Be a part, make a difference, have some impact!
 
Date:  Friday November 16th  Time: 7-9PM
Address:  3514 184th Pl SE, Bothell, WA  98012 
(Click here for a map and directions.) 
 
Check out the Facebook event by clicking HERE.  You can RSVP on the page.
 
Check back to this article for more information in the next few days, or email us with your questions.
 
Here is our rationale for doing what we are doing in the eastern DR Congo:
 
Africa.
What comes to mind when you hear the word- Africa? Wildlife safaris, the "Big 5", Mt. Kilimanjaro, Victoria Falls, and the great grey green greasy Limpopo River all set about with fever trees? Or a tragic colonial past, the slave trade, civil wars, famine, drought, AIDS, corruption, suffering, injustice, and discomforting images of women and children with the requisite flies on listless faces?

Unfortunately the image of Africa is distorted in the minds of many. It is true the above-mentioned snapshots form part of the tapestry of African life, but not all. An enduring love for and commitment to the extended family, unexpected generosity with the last chicken to a hungry visitor, a clever joke to make someone laugh in un-laughable circumstances, inward resolve to match outward strength to do what appears to be impossible. Reconciliation, Faith, Patience... HOPE. These are also threads to be found in the warp and woof of African life.

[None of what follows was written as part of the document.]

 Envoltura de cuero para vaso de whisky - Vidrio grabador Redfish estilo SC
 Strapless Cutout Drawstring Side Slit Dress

For a very long time I have said the future of Africa is black. Not a cynical, hope-crushing assessment of the status quo, but an expressed faith in Africans. Their future is in their hands. Whatever we do, it needs to be with a gesture of an open hand and heart, enabling and encouraging local initiative, fostering ownership of the solution, always fighting to put a dent in that pervasive spirit of resignation and despair.

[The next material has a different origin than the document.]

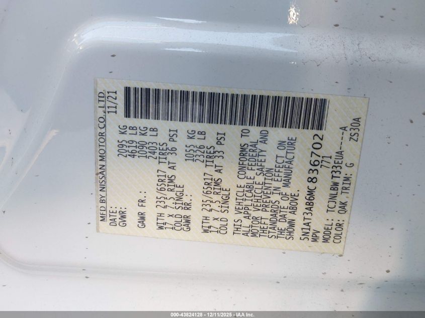 2021 NISSAN ROGUE - 5N1AT3AB6MC836702, цвет - Белый, 2.5, Бензин, Полный привод из США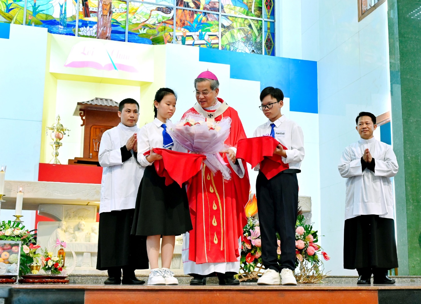 Đồng tế với Đức TGM Giuse có Linh mục (Lm) Vinh Sơn Vũ Đức Liêm, chánh xứ Tân Phú Hòa, các linh mục thân quen. Tham dự Thánh lễ có tu sĩ nam nữ, các em lãnh nhận Bí tích, cha mẹ đỡ đầu và cộng đoàn.

But how to make a difference in what seems to be a sea of soul-twisting need? Where to start- how do you do something that really matters? We have seen the well-intentioned but wasted millions as macro-this and macro-that projects waste away through channels of government corruption, inappropriate technology, and unsustainable foreign dreams and visions of a better life.

Local ideas, local resources, and local leadership- there is no need to trust in "trickle down" when you are already on the ground. This is why we put our energy into the development of local community leaders in Africa. Let the pundits address the macro issues from their ivory towers. Life is lived on the ground and that is where we want to be.

Community leaders- such as pastors of local congregations, can organize, educate, and inspire the people in their circle of influence. Our purpose in the eastern Congo is to multiply hope in a part of the world that mocks any concern for justice and where the worst of human behavior challenges the best. Long after the soup kitchens close, the TV cameras dim, and the bureaucrats pose for photographs, these leaders remain. They are the key to a better future.

Our goal is to cultivate the necessary infrastructure that can provide a sustainable and culturally relevant program of leadership development for local community pastors. While this is a faith-based initiative, we assure you the doors are open to everyone in the city neighborhoods and villages where these men and women work and live.

We want to further develop campuses where these leaders can come and with healthy interchange challenge each other with new ways of thinking. We want to provide temporary subsidies for those men and women who walk for a week each way to attend courses on these campuses, and to give them the tools and resources they need to confront the daily challenges they face. We want to add another layer of hope on that little bit of hope with which they come.

You are either part of the solution or you are part of the problem. We ask you to be on the solution side of the equation.